(Dataset items)
Segment Open
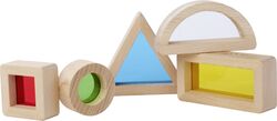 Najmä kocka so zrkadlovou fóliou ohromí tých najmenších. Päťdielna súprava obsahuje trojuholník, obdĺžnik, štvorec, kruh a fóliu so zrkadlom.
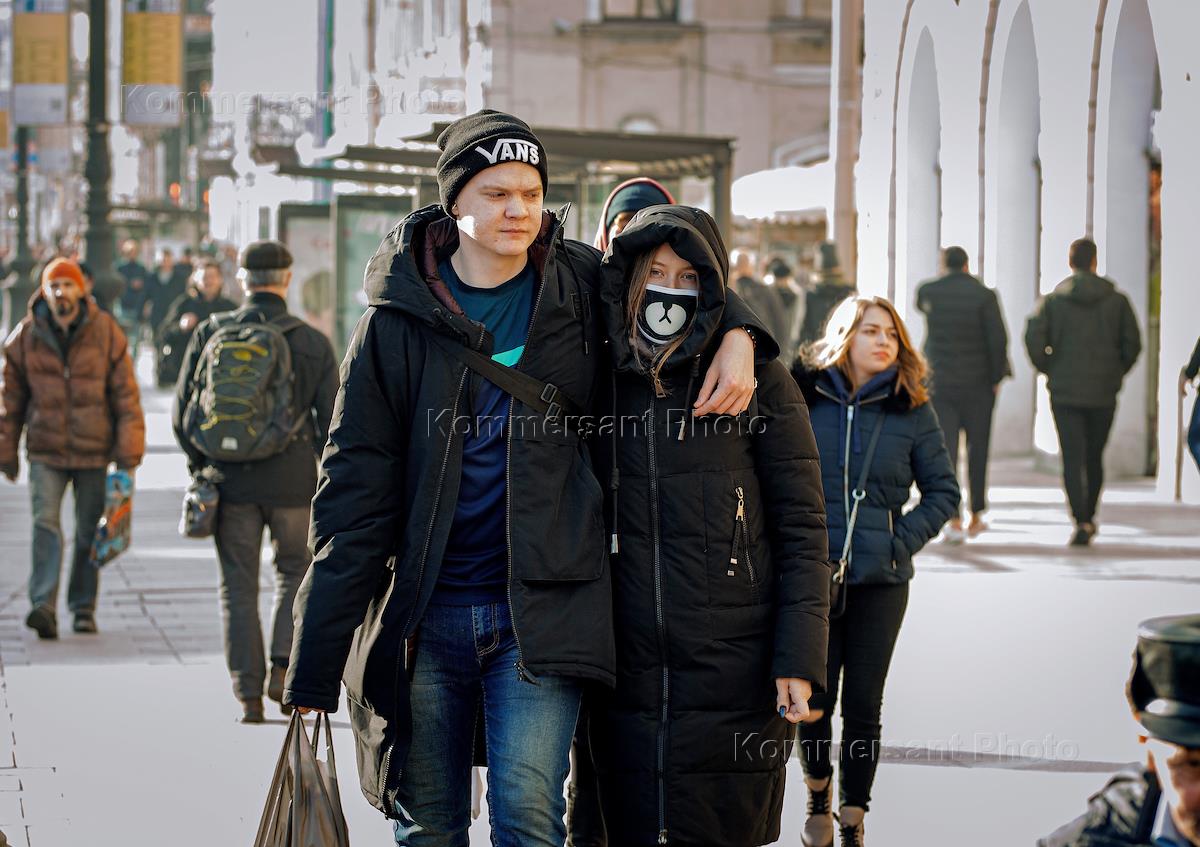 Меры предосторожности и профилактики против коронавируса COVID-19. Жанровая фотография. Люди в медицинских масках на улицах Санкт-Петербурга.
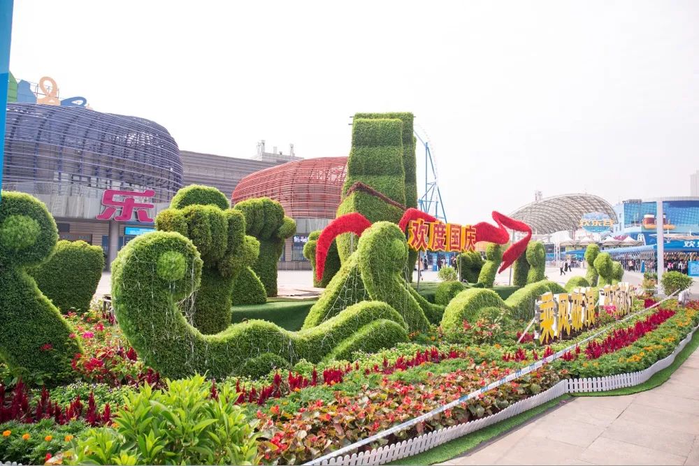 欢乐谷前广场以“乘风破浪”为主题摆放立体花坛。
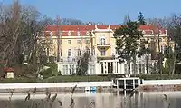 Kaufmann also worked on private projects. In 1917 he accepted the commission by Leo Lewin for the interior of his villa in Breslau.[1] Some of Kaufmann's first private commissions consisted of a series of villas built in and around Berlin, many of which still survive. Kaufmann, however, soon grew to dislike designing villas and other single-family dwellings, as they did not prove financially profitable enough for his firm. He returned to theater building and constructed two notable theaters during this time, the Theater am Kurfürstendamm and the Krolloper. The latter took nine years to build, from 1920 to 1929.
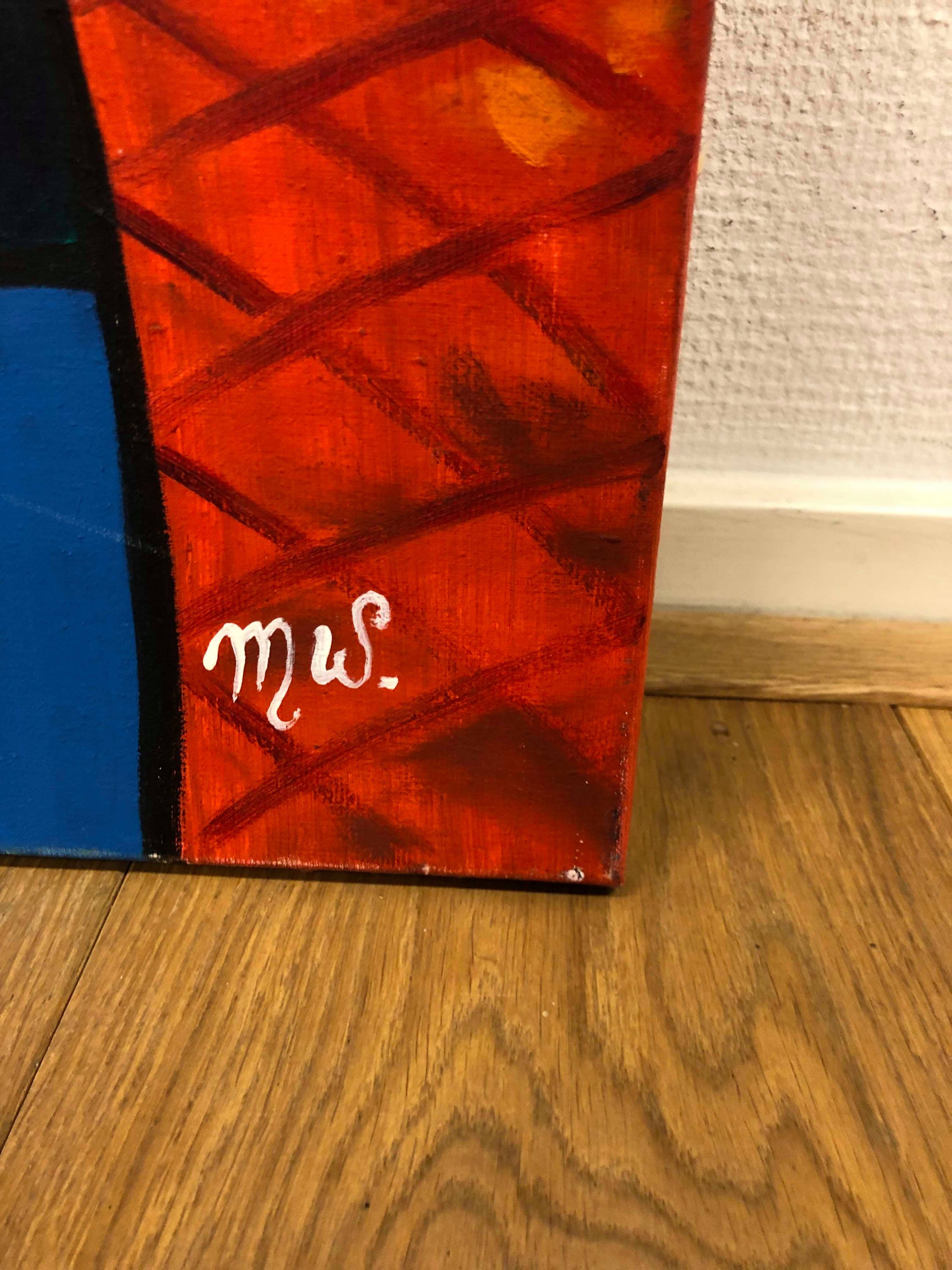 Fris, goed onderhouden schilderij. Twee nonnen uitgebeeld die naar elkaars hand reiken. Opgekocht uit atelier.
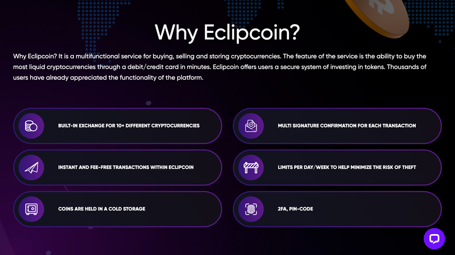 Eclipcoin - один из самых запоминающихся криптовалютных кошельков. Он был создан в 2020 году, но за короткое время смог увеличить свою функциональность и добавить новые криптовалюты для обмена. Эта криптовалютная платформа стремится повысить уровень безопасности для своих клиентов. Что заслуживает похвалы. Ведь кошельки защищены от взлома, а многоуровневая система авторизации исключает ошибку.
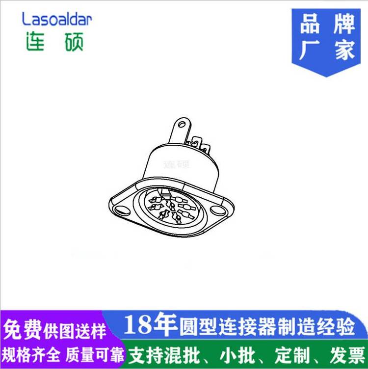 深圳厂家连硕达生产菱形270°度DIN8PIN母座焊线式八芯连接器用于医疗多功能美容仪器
Segment Closed
● **Instructions to follow**
Would you copy out the data exactly, leaving every picture out?

● **Task response**
 Najmä kocka so zrkadlovou fóliou ohromí tých najmenších. Päťdielna súprava obsahuje trojuholník, obdĺžnik, štvorec, kruh a fóliu so zrkadlom.
 Меры предосторожности и профилактики против коронавируса COVID-19. Жанровая фотография. Люди в медицинских масках на улицах Санкт-Петербурга.
 欢乐谷前广场以“乘风破浪”为主题摆放立体花坛。
 Kaufmann also worked on private projects. In 1917 he accepted the commission by Leo Lewin for the interior of his villa in Breslau.[1] Some of Kaufmann's first private commissions consisted of a series of villas built in and around Berlin, many of which still survive. Kaufmann, however, soon grew to dislike designing villas and other single-family dwellings, as they did not prove financially profitable enough for his firm. He returned to theater building and constructed two notable theaters during this time, the Theater am Kurfürstendamm and the Krolloper. The latter took nine years to build, from 1920 to 1929.
 Fris, goed onderhouden schilderij. Twee nonnen uitgebeeld die naar elkaars hand reiken. Opgekocht uit atelier.
 Eclipcoin - один из самых запоминающихся криптовалютных кошельков. Он был создан в 2020 году, но за короткое время смог увеличить свою функциональность и добавить новые криптовалюты для обмена. Эта криптовалютная платформа стремится повысить уровень безопасности для своих клиентов. Что заслуживает похвалы. Ведь кошельки защищены от взлома, а многоуровневая система авторизации исключает ошибку.
 深圳厂家连硕达生产菱形270°度DIN8PIN母座焊线式八芯连接器用于医疗多功能美容仪器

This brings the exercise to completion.